Closely aligned with tradition is history and this particular idea is prominent in Andrea’s story. While my story hints toward history and inheritance subtly, Andrea’s narrative bursts at the seams with wonderful descriptions of her home’s roots. Her fine tracing which leads back to Port Alberni and even further, toward the times of the Tseshaht and Hupacasath territories reminds me that the past truly does inform the present and is the idea of the home exempt from such a connection? Certainly not. What’s wonderful about her story is that she links history and memory with nature, and that element of the home is something I’ve featured heavily in my own narrative. Andrea writes of an intimate connection of the landscape around her and of her conception of home, and such a theme resonates within the Abbotsfordian blood of my veins. Surrounded by nature and the idyllic views of the countryside, I cannot separate my idea of home from the physical beauty of the world around me. The natural world, like for Andrea, provides me with my bearings and allows me to realize how much of my home extends the borders of my room walls and outside into the wonderful expanse of nature. Where we live is a significant element of ‘home.’

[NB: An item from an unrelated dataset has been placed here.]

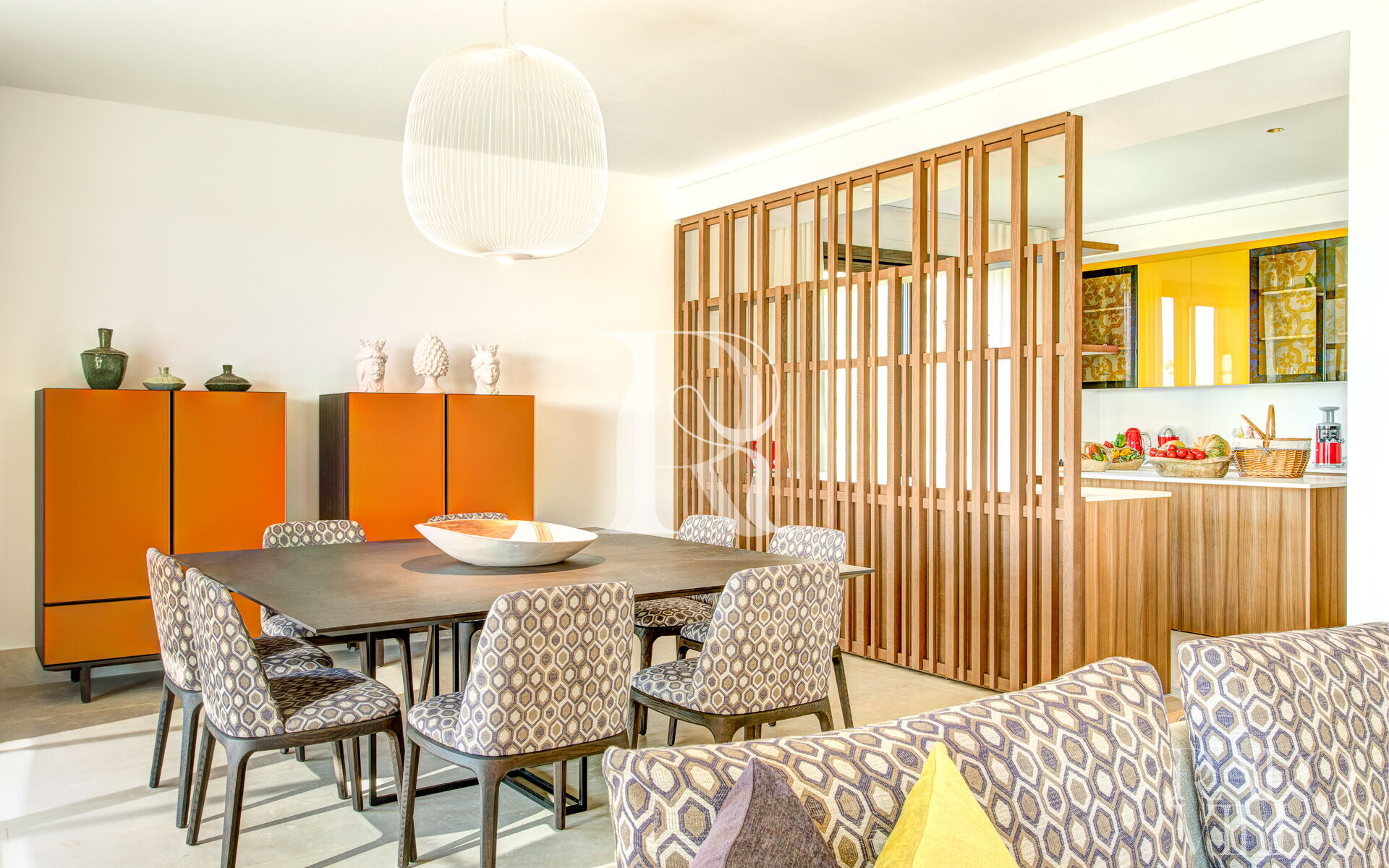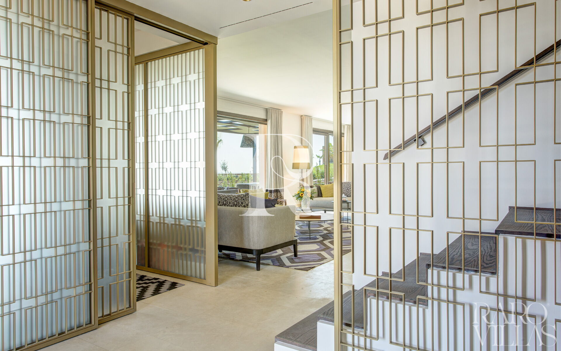 Step into a world of refined elegance as you enter the spacious open-plan ground floor, seamlessly blending a fully equipped kitchen with inviting dining and living areas bathed in natural light. With sweeping views of Verdura's prestigious golf courses and the azure horizon beyond, every moment here is infused with a sense of serenity and beauty.

The telling of these stories which are all so personal to us reminds me of a line from Thomas King’s book where he justifies his habit of retelling three particular stories. He calls them “saving stories… stories that help keep me alive” (119). Our stories of home not only keep our unique ideas of ‘home’ alive to us, but also breathe personal colour to our identities. We’ve told our stories once here. When will be the next time we speak of home?

 

Works Cited:

Beck, Julie. “The Psychology of Home: Why Where You Live Means So Much.” The Atlantic. N.p., 30 Dec. 2011. Web. 11 Feb. 2016. <http://www.theatlantic.com/health/archive/2011/12/the-psychology-of-home-why-where-you-live-means-so-much/249800/>.

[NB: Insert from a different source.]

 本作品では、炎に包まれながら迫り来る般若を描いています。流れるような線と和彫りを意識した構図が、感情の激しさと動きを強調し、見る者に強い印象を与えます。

Chung, Sung-Jun. Kimjang or the making of kimchi. Digital image. Getty Images News, n.d. Web. 12 Feb. 2016. <http://data.en.koreaportal.com/data/images/full/60/kimchi-making-jpg.jpg?w=600>.

Han, Jeon, and Yoon Sojung. “UNESCO Recognizes Kimjang, Korean Culture of Sharing.” Korea.net. N.p., 11 Dec. 2013. Web. 11 Feb. 2016. <http://www.korea.net/NewsFocus/Culture/view?articleId=116173>.

King, Thomas. The Truth About Stories: A Native Narrative. TorontoAnansi Press. 2003. Print.